What to work on - Return the lines below exactly as they appear, please, starting with the first and ending with the one that contains "Rio Recliner Dining Set with".

• • • • •

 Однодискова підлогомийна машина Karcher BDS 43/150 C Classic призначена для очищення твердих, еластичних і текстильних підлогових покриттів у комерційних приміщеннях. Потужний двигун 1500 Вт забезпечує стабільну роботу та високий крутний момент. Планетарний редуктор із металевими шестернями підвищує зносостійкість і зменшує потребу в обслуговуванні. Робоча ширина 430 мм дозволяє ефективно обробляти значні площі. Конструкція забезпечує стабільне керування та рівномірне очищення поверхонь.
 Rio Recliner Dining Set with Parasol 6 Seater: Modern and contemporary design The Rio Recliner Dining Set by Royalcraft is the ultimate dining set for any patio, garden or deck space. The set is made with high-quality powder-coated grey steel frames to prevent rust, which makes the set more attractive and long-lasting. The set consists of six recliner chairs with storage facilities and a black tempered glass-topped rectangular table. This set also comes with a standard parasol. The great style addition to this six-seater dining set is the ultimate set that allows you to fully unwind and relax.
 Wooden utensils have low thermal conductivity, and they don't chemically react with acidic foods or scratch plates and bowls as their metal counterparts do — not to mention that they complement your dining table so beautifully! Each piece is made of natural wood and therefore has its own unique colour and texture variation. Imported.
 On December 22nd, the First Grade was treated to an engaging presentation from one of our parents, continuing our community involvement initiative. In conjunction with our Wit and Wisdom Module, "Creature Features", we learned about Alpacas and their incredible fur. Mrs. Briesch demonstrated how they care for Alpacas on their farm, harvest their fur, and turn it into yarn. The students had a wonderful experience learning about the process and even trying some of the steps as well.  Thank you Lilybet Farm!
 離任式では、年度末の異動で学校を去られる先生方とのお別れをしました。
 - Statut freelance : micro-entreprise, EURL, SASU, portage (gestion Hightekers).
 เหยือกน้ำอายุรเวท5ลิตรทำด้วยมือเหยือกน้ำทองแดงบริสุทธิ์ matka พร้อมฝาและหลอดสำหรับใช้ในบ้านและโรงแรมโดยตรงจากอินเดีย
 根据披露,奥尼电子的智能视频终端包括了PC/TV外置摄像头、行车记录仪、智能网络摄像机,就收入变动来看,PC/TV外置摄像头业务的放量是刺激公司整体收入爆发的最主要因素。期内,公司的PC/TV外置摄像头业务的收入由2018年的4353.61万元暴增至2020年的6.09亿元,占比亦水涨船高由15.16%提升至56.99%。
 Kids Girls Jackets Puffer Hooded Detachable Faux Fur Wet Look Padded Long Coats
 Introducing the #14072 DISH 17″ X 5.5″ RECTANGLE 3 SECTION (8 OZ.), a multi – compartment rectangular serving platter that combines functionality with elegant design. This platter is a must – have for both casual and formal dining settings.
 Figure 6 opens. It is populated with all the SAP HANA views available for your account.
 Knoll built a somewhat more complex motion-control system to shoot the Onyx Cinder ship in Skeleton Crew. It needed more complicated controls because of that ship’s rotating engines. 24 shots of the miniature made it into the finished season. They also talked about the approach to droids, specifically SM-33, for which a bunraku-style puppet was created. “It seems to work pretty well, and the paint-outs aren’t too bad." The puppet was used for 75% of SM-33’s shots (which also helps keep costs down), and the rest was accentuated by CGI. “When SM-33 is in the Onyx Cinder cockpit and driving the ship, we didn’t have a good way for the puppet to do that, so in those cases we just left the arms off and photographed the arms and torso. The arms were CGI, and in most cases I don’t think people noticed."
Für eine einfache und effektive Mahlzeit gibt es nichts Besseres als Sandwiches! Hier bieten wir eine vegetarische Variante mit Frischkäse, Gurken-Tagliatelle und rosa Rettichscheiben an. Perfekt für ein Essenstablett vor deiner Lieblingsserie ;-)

• • • • •

Worked solution -
 Однодискова підлогомийна машина Karcher BDS 43/150 C Classic призначена для очищення твердих, еластичних і текстильних підлогових покриттів у комерційних приміщеннях. Потужний двигун 1500 Вт забезпечує стабільну роботу та високий крутний момент. Планетарний редуктор із металевими шестернями підвищує зносостійкість і зменшує потребу в обслуговуванні. Робоча ширина 430 мм дозволяє ефективно обробляти значні площі. Конструкція забезпечує стабільне керування та рівномірне очищення поверхонь.
 Rio Recliner Dining Set with Parasol 6 Seater: Modern and contemporary design The Rio Recliner Dining Set by Royalcraft is the ultimate dining set for any patio, garden or deck space. The set is made with high-quality powder-coated grey steel frames to prevent rust, which makes the set more attractive and long-lasting. The set consists of six recliner chairs with storage facilities and a black tempered glass-topped rectangular table. This set also comes with a standard parasol. The great style addition to this six-seater dining set is the ultimate set that allows you to fully unwind and relax.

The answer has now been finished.